Work request: Print everything in the records exactly. Leave the pictures out.

Records for this task:
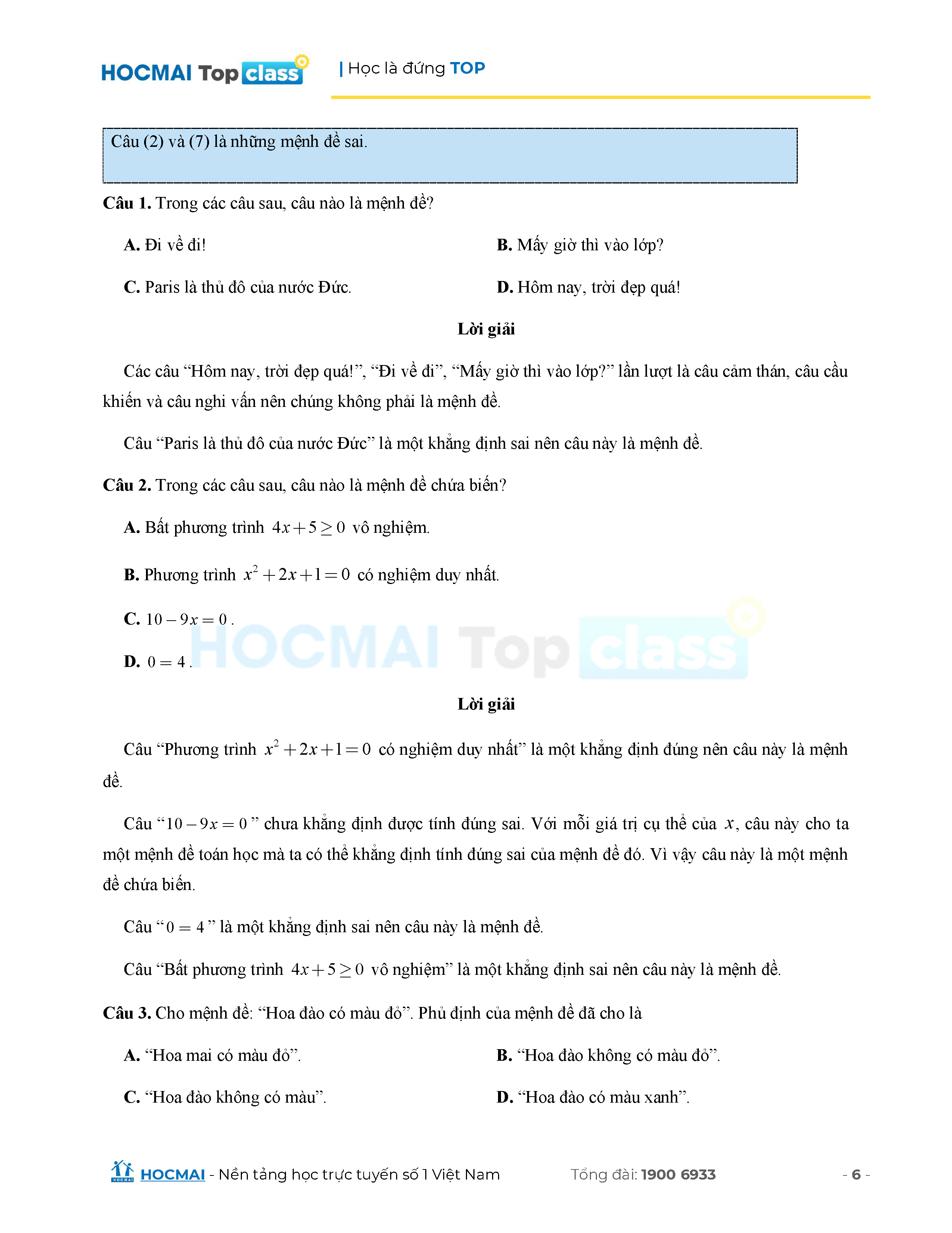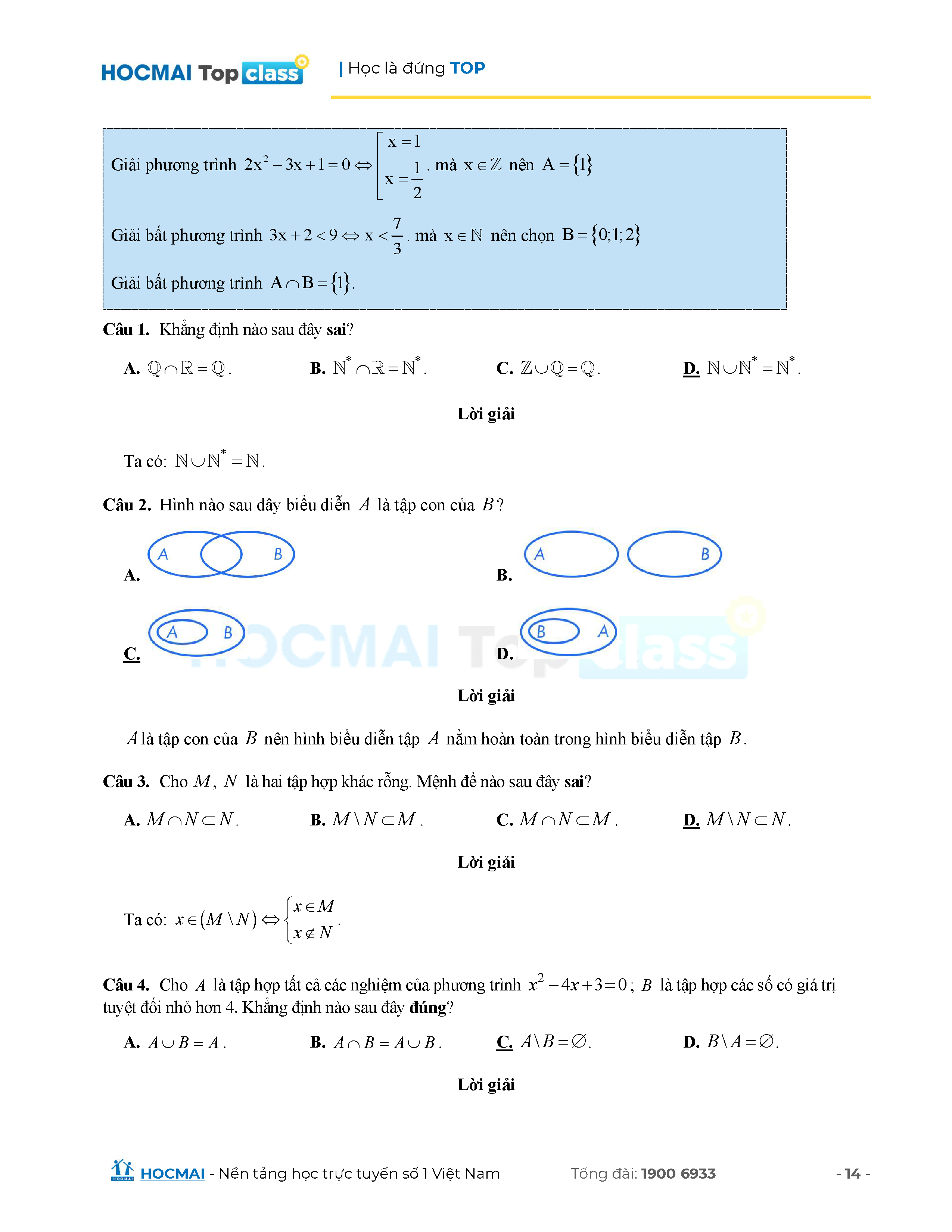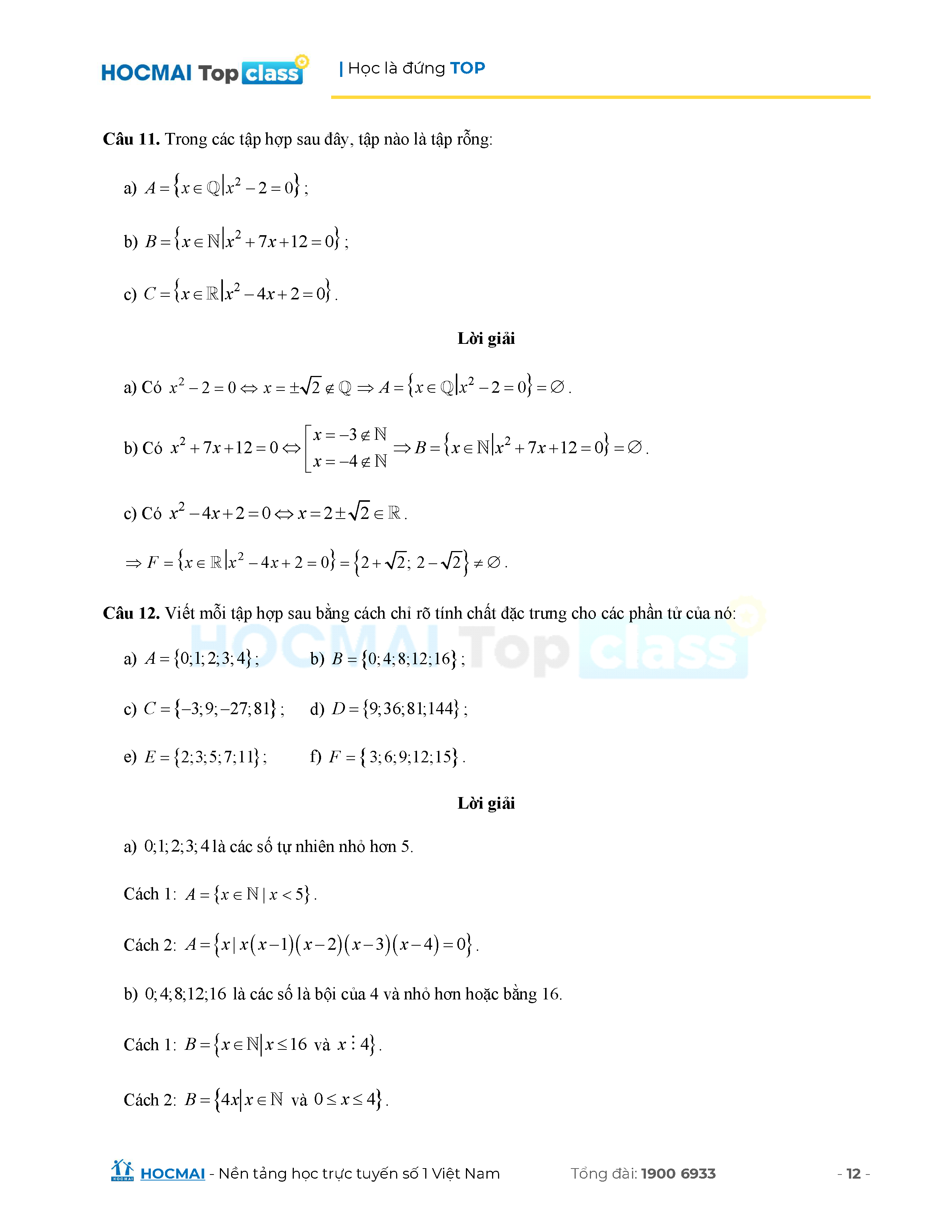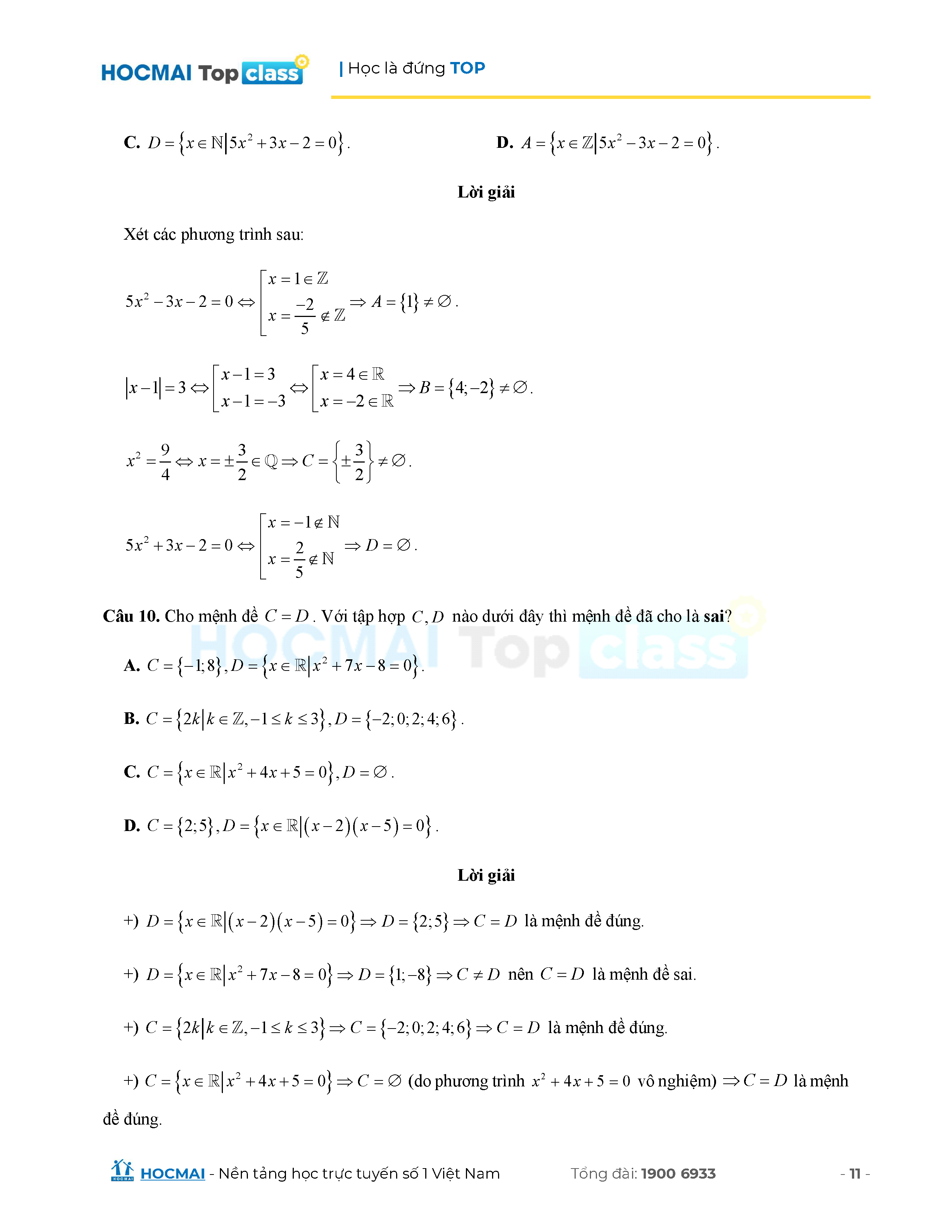 Ôn tập: Mênh đề. Tập hợp (Phần 1) - Hướng dẫn giải
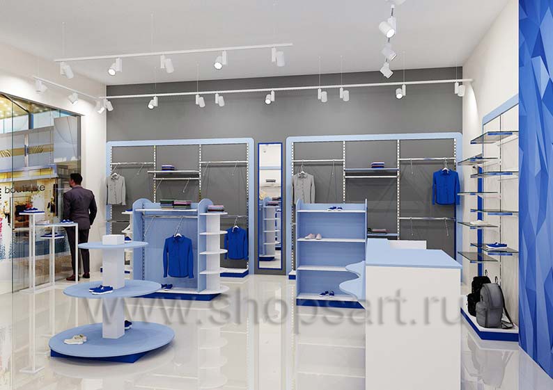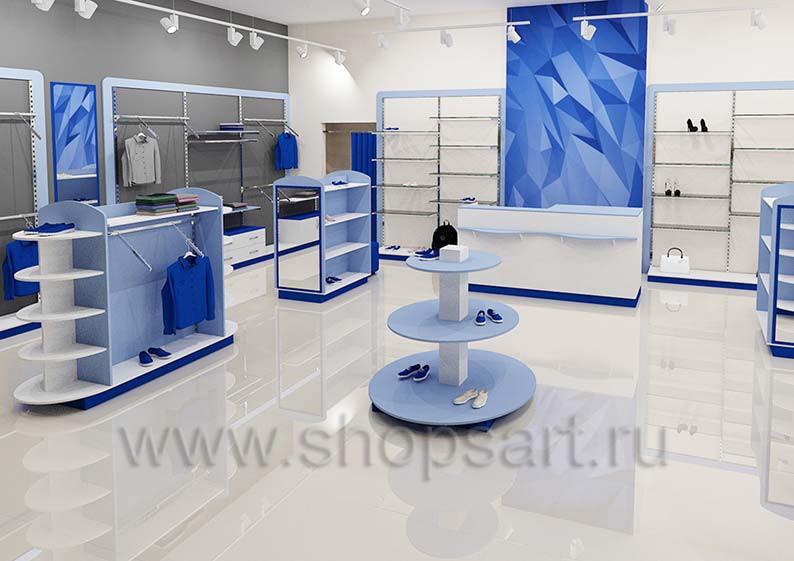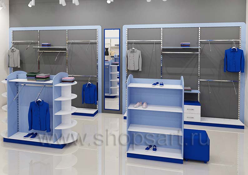 Торговое оборудование для магазинов одежды на основе коллекции ГОЛУБАЯ ЛАГУНА
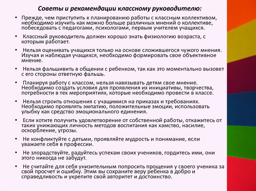 Советы и рекомендации классному руководителю:• Прежде, чем приступить к планированию работы с классным коллективом,
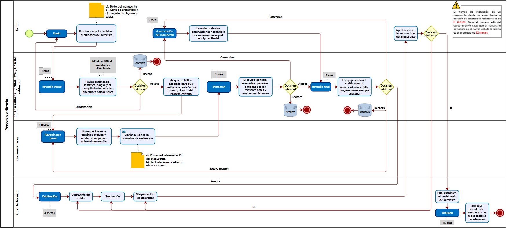 El equipo editorial, en base a la evaluación de los revisores pares, toma la decisión de publicar o rechazar el manuscrito; en ambos casos, la decisión se notifica formalmente a través de una carta al autor de correspondencia. Si el manuscrito no requiere de ninguna corrección, pasa a la etapa de revisión final. Si el manuscrito debe ser corregido para que pueda ser publicado, el editor envía a los autores el formulario de evaluación y el texto del manuscrito, con las observaciones y recomendaciones hechas por los revisores.
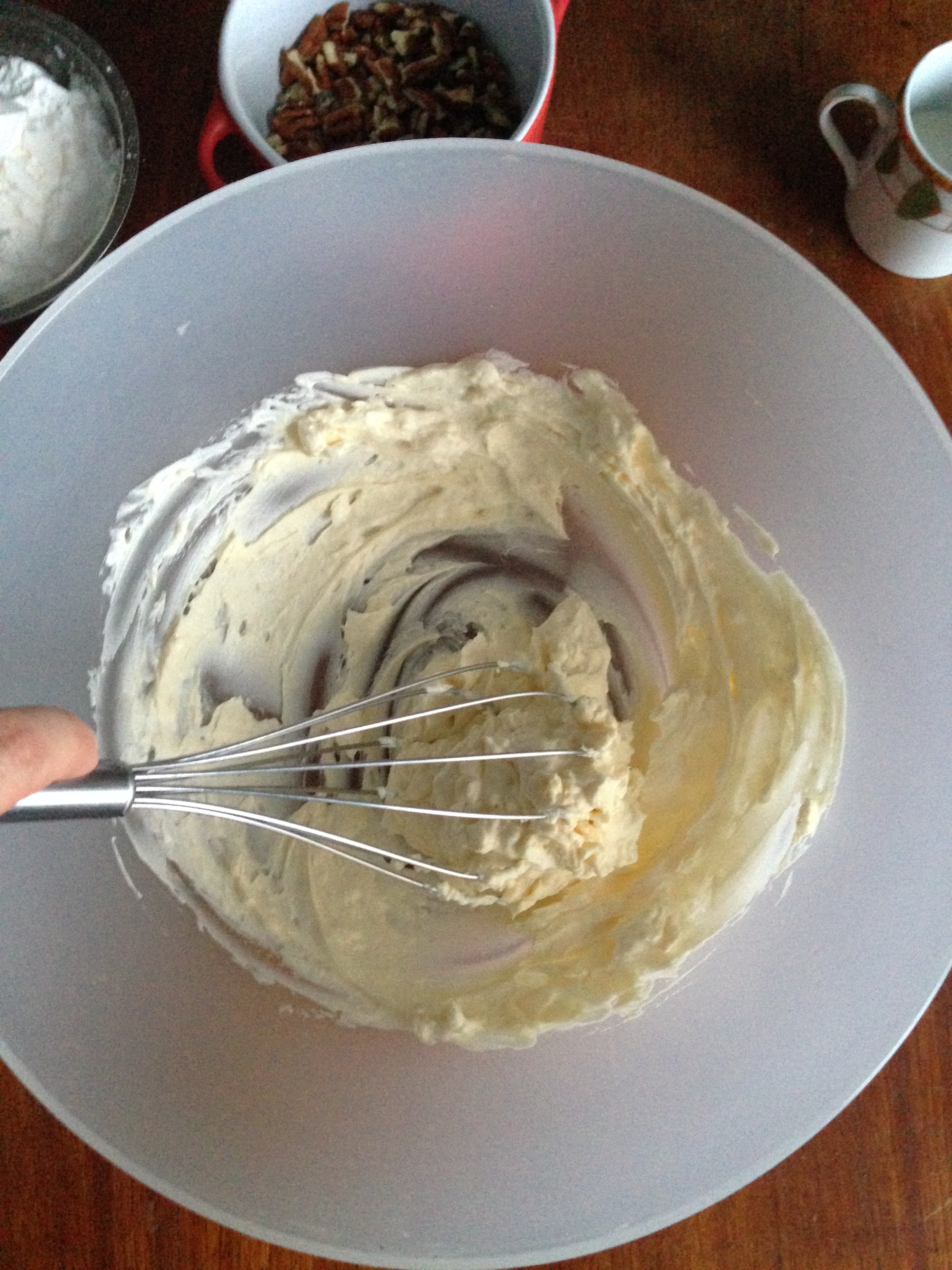 9. When cake is cool, prepare the frosting. In a medium bowl, put cream cheese and butter and whisk them well.
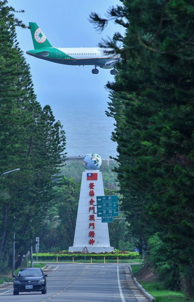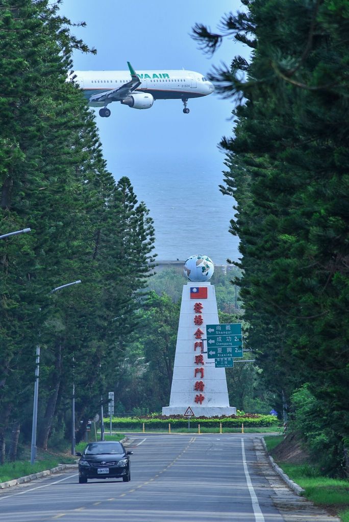若要拍此地,最好是夏天,因為夏天吹西南風或南風,飛機會從21跑道貼太武山降落,這時就能拍到飛機從這座精神堡壘上。
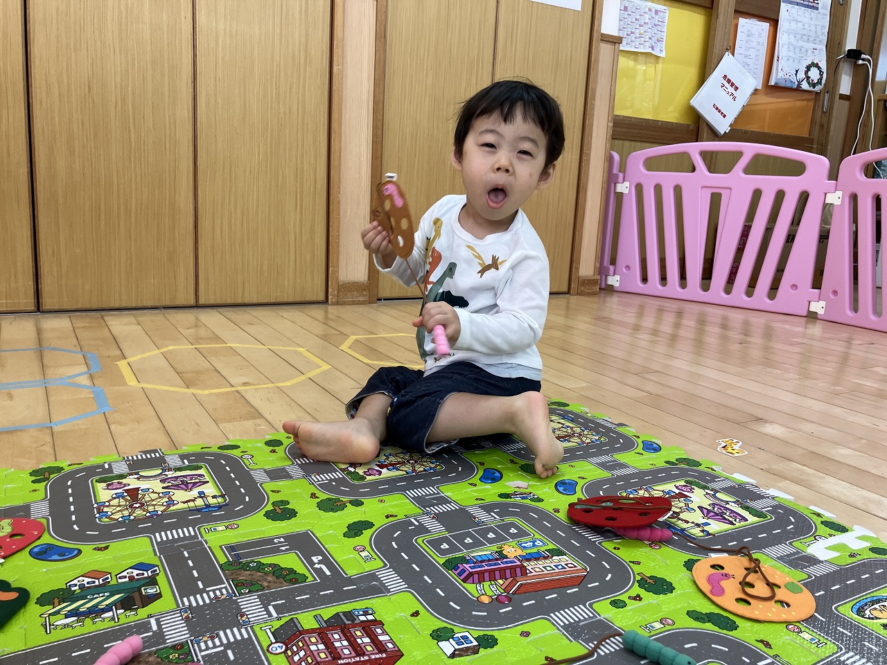 ひも通しは新しいおもちゃなので興味津々🤩夢中で遊んでいます(^^)
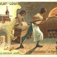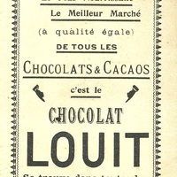 Carte publicitaire illustrée d'un dessin d'une boulangerie pour le Chocolat Louit et au verso le texte commercial.
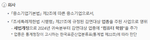 중소기업 여부는 중소기업기본법과 조세특례제한법 시행령에서 정한 기준으로 판단됩니다.

Written response:
 Ôn tập: Mênh đề. Tập hợp (Phần 1) - Hướng dẫn giải
 Торговое оборудование для магазинов одежды на основе коллекции ГОЛУБАЯ ЛАГУНА
 Советы и рекомендации классному руководителю:• Прежде, чем приступить к планированию работы с классным коллективом,
 El equipo editorial, en base a la evaluación de los revisores pares, toma la decisión de publicar o rechazar el manuscrito; en ambos casos, la decisión se notifica formalmente a través de una carta al autor de correspondencia. Si el manuscrito no requiere de ninguna corrección, pasa a la etapa de revisión final. Si el manuscrito debe ser corregido para que pueda ser publicado, el editor envía a los autores el formulario de evaluación y el texto del manuscrito, con las observaciones y recomendaciones hechas por los revisores.
 9. When cake is cool, prepare the frosting. In a medium bowl, put cream cheese and butter and whisk them well.
若要拍此地,最好是夏天,因為夏天吹西南風或南風,飛機會從21跑道貼太武山降落,這時就能拍到飛機從這座精神堡壘上。
 ひも通しは新しいおもちゃなので興味津々🤩夢中で遊んでいます(^^)
 Carte publicitaire illustrée d'un dessin d'une boulangerie pour le Chocolat Louit et au verso le texte commercial.
 중소기업 여부는 중소기업기본법과 조세특례제한법 시행령에서 정한 기준으로 판단됩니다.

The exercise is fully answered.